*** Input data ***

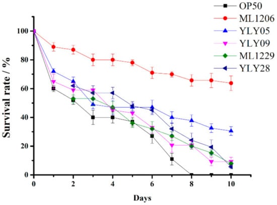 20 marine bacterial strains with no hemolytic activity were assessed for their ability to protect C. elegans from V. anguillarum infection in vivo. Table 1 shows that there was a significant difference in terms of in vivo pathogen-inhibiting ability among these strains. The survival rate of C. elegans varied from 0% to 63.57% on the last day (Day 10). Figure 2 shows the survival curve of C. elegans after being pre-cultured with E. coli OP50 or a selected marine bacterial strain at a concentration of 1.0 × 109 CFU/mL for 24 h then being exposed to V. anguillarum for 10 days. Figure 2 includes the results for E. coli OP50 as the control and five experimental marine bacterial strains (ML1206, YLY05, YLY28, YLY09, and ML1229) with the highest C. elegans survival rate, with strain ML1206 and strain YLY05 having the highest survival rates of 63.57% and 30.75%, respectively. C. elegans in the control group had a 0% survival rate on Day 10 (Figure 2).
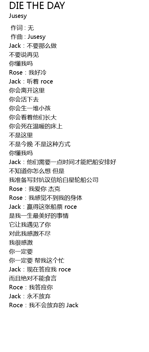 | [02:56.917] | Roce:我不会放弃的 Jack |
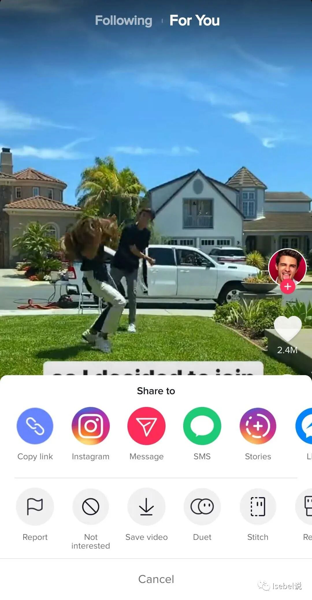 点击视频右侧的共享按钮。仅当创建者允许共享时,它才可见。比如这张是不可见的。(画面敏感就只放一部分)
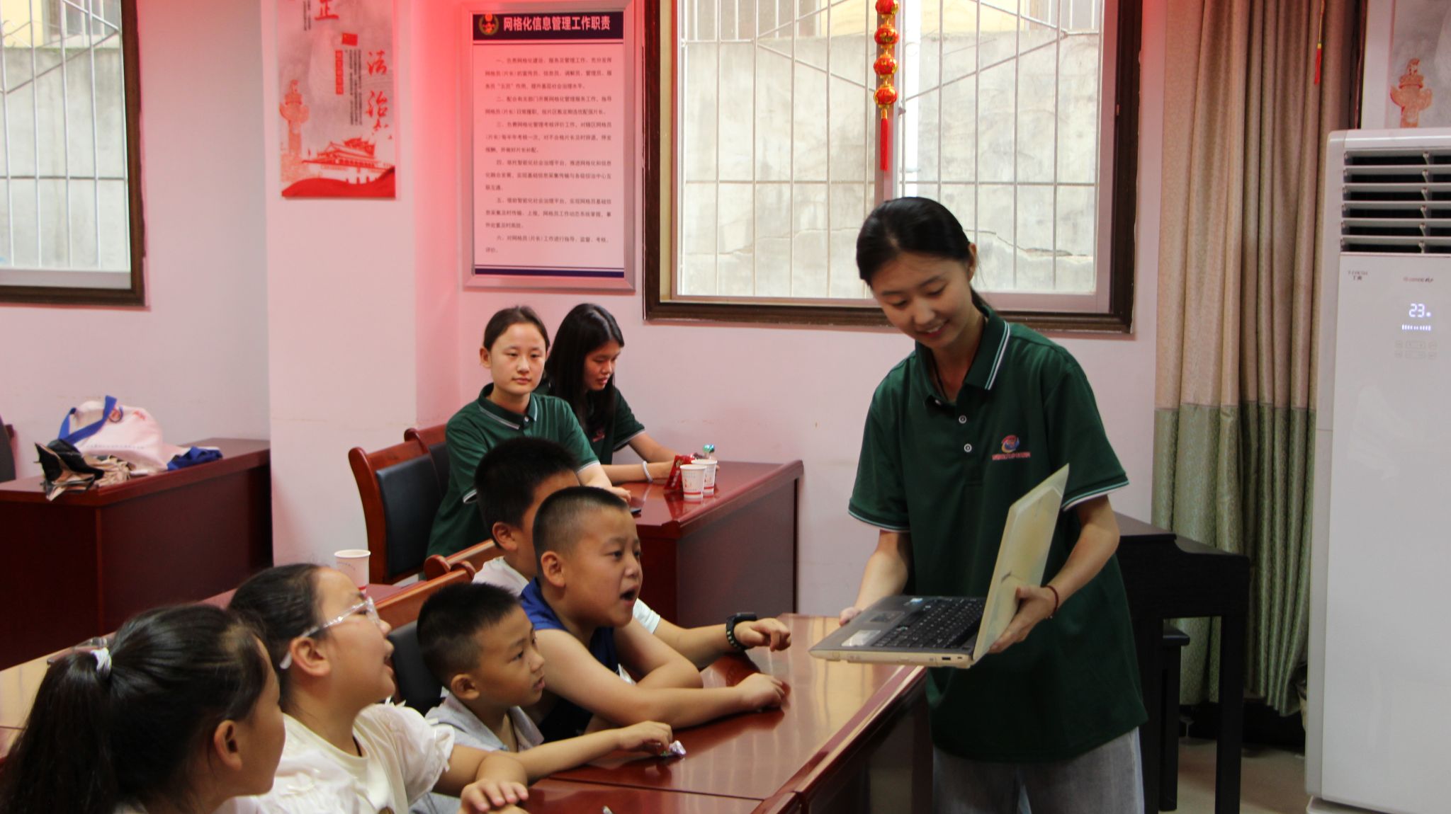 图为团队成员陈昱如同学在张坡社区文明站带领小朋友们朗诵课文《白杨礼赞》。通讯员李泽楷摄

*** End of Input data ***

**To do:** Faithful copy, images left out: write out every line of data.

**Task answer:**
 20 marine bacterial strains with no hemolytic activity were assessed for their ability to protect C. elegans from V. anguillarum infection in vivo. Table 1 shows that there was a significant difference in terms of in vivo pathogen-inhibiting ability among these strains. The survival rate of C. elegans varied from 0% to 63.57% on the last day (Day 10). Figure 2 shows the survival curve of C. elegans after being pre-cultured with E. coli OP50 or a selected marine bacterial strain at a concentration of 1.0 × 109 CFU/mL for 24 h then being exposed to V. anguillarum for 10 days. Figure 2 includes the results for E. coli OP50 as the control and five experimental marine bacterial strains (ML1206, YLY05, YLY28, YLY09, and ML1229) with the highest C. elegans survival rate, with strain ML1206 and strain YLY05 having the highest survival rates of 63.57% and 30.75%, respectively. C. elegans in the control group had a 0% survival rate on Day 10 (Figure 2).
 | [02:56.917] | Roce:我不会放弃的 Jack |
 点击视频右侧的共享按钮。仅当创建者允许共享时,它才可见。比如这张是不可见的。(画面敏感就只放一部分)
 图为团队成员陈昱如同学在张坡社区文明站带领小朋友们朗诵课文《白杨礼赞》。通讯员李泽楷摄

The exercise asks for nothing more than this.